Türk Dünyasına dahil ülkelerin ekonomilerini tek bir bütünlük olarak kabul etsek bile dünya Milli Gelir sıralamasında ilk 15 ekonomi içinde yer alamadığını dikkate aldığımızda Sovyet Bloku içinde yer alan Türk Devletlerinde ciddi ve yeterli bir dönüşümün sağlandığından bahsetmek mümkün değildir. Oysa başta Azerbaycan olmak üzere dünya hidrokarbon kaynaklarının önemli bir kısmını kontrol eden Türkmenistan ve Kazakistan’ın ekonomik hacimleri sahip oldukları kaynaklarla uyumlu değildir. Yine dünya uranyum üretiminin %40’ını karşılayan Kazakistan’ın bu kaynağından Türk dünyasının yeterince yararlandığını söylemek oldukça güçtür.

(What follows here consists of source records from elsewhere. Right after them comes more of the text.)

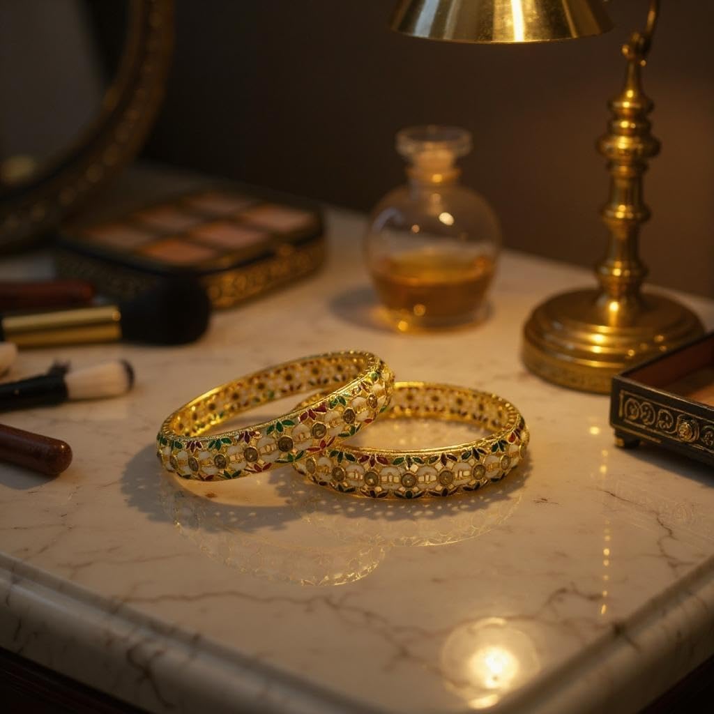 Traditional Gold-Plated Pearl Bangles, Multicolour Enamel Work, Set of 2
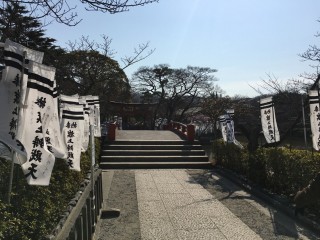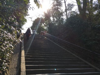 鶴岡八幡宮には駐車場先の脇道へ入り、階段を上ります。
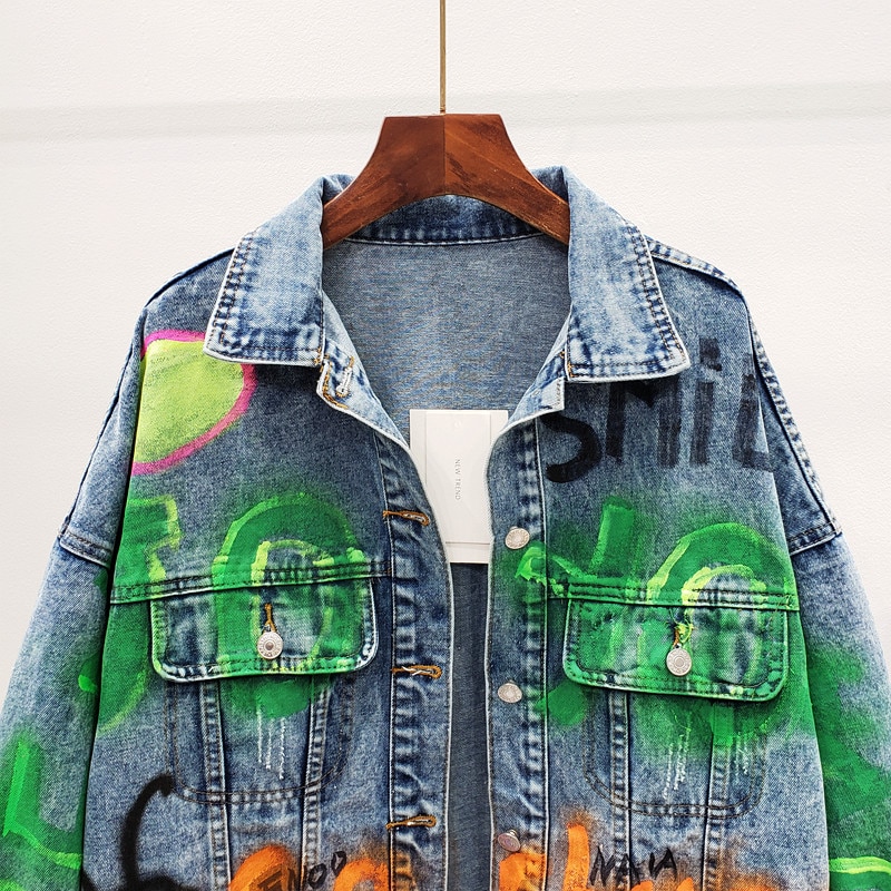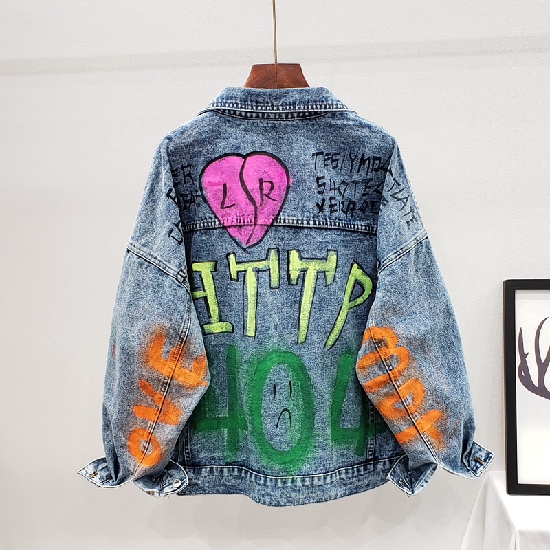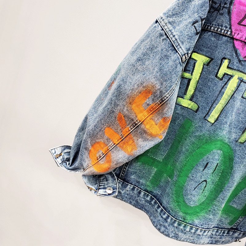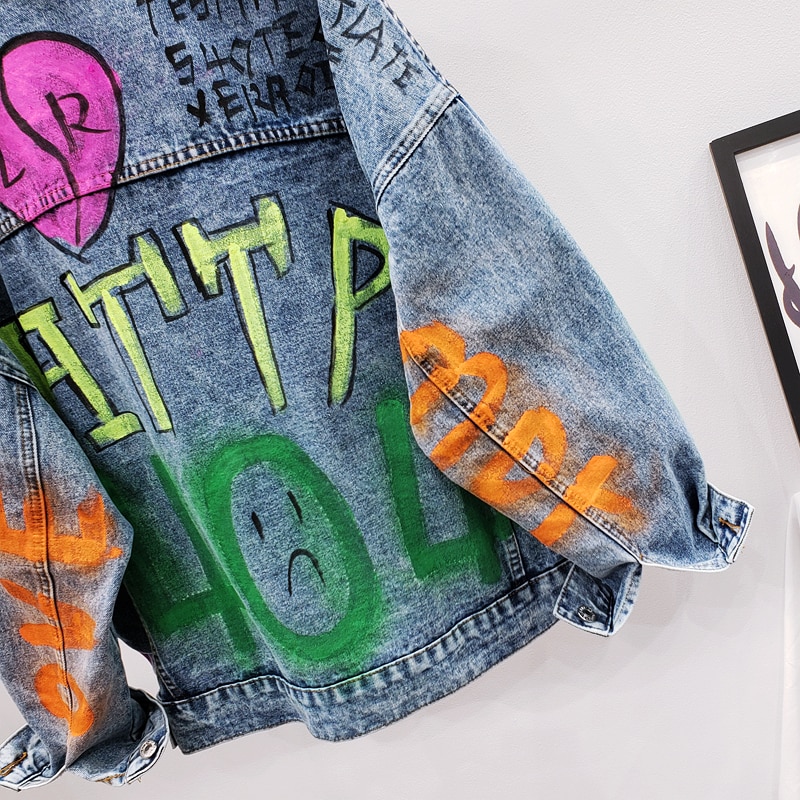 Casual Letter Painted Print Frayed Harajuku Washed Denim coat
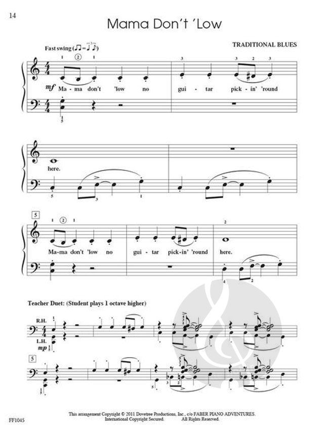 ShowTimeö Piano Jazz & Blues is a spirited collection of jazz and blues pieces arranged for the Level 2A piano student. The student will enjoy creating the sounds of jazz and blues while improving reading and rhythmic skills. The book offers a pleasing variety of sounds, ranging from soulful blues to jazz originals, including: Blue Moon - Bye, Bye Blackbird - The Rainbow Connection - and more.
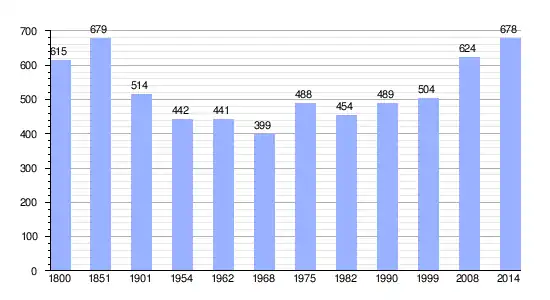 | Gráfica de evolución demográfica de Gommerville entre 1800 y 2014 |
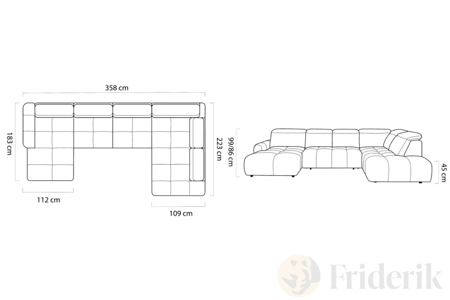 - Sofa Breite: 358 cm
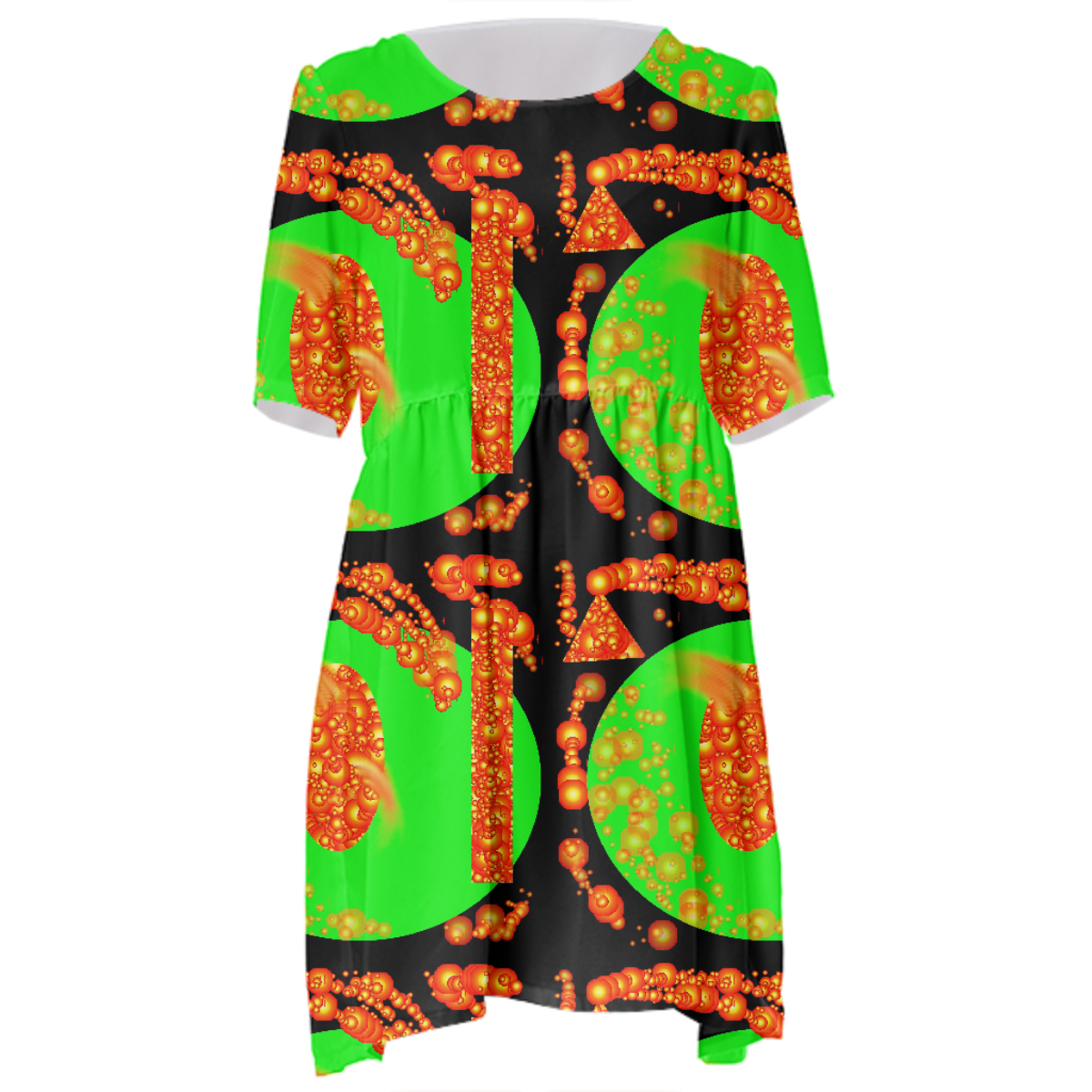 Loose swing fit babydoll dress with shirred waist short sleeves and scoop neckline. The uploaded file will be printed on the entire front and be mirrored on the back. The uploaded file will be printed on the entire front and be mirrored on the back. Because of our cut and sew process some print elements on pockets seams and sleeves might not match up. For best results please upload a PNG or JPG with RGB color profile and dimensions of at least 35 inches width by 40 inches length. DPI can be as low as 72. Since every piece is custom made, it may take 2-4 weeks for delivery. Made in our studio (Shanghai).
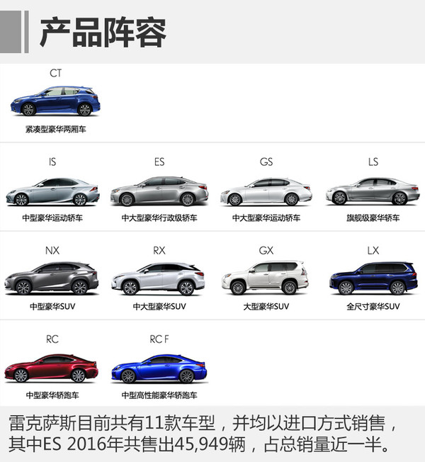 2016年12月,雷克薩斯共售出10,662輛,同比增長5.3%;1-12月累計銷量達109,150輛,已經(jīng)超額完成10萬輛的銷量目標。在各大豪華品牌不斷加深國產(chǎn)化進程的現(xiàn)階段,雷克薩斯自2004年建立獨立經(jīng)銷商網(wǎng)絡后,一直保持以進口方式銷售的豪華品牌。在十多年的發(fā)展中,其產(chǎn)品矩陣越來越豐富。

Örneğin Özbekistan’da, Sovyet döneminde tarımsal arazilerin kolhoz çiftlikler olarak toplulaştırılması, Özbekistan’ın küresel bir pamuk ihracatçısı olarak gelişmesine aracılık ederken, Devlet, pamuk üretiminin devamını garanti altına almak için kolektif olarak kullanılan arazileri küçük özel çiftçilere dağıtmış, böylece pamuk üretiminin kırsal istihdam ve tarımın geliştirilmesinden ziyade yeni kurulan ve var olan sanayileri desteklemek amaçlanmıştır. Küçük arazilerden geçimlik düzeyde gelir elde edilememesi ve bağlı olarak istikrarlı işlerin olmaması nedeniyle çoğu insan, günlük işçiler ve göçmen işçiler de dahil olmak üzere güvencesiz ve kayıt dışı çalışmaya ve kayıt dışı ticarete yönelmiştir. Sonuçta kırsal alanda yaşayan gençler iş bulmak ve yaşamak için önce büyük şehirlere, daha sonra da başta Rusya Federasyonu olmak üzere dünyanın değişik ülkelerine göç etmek zorunda kalmıştır.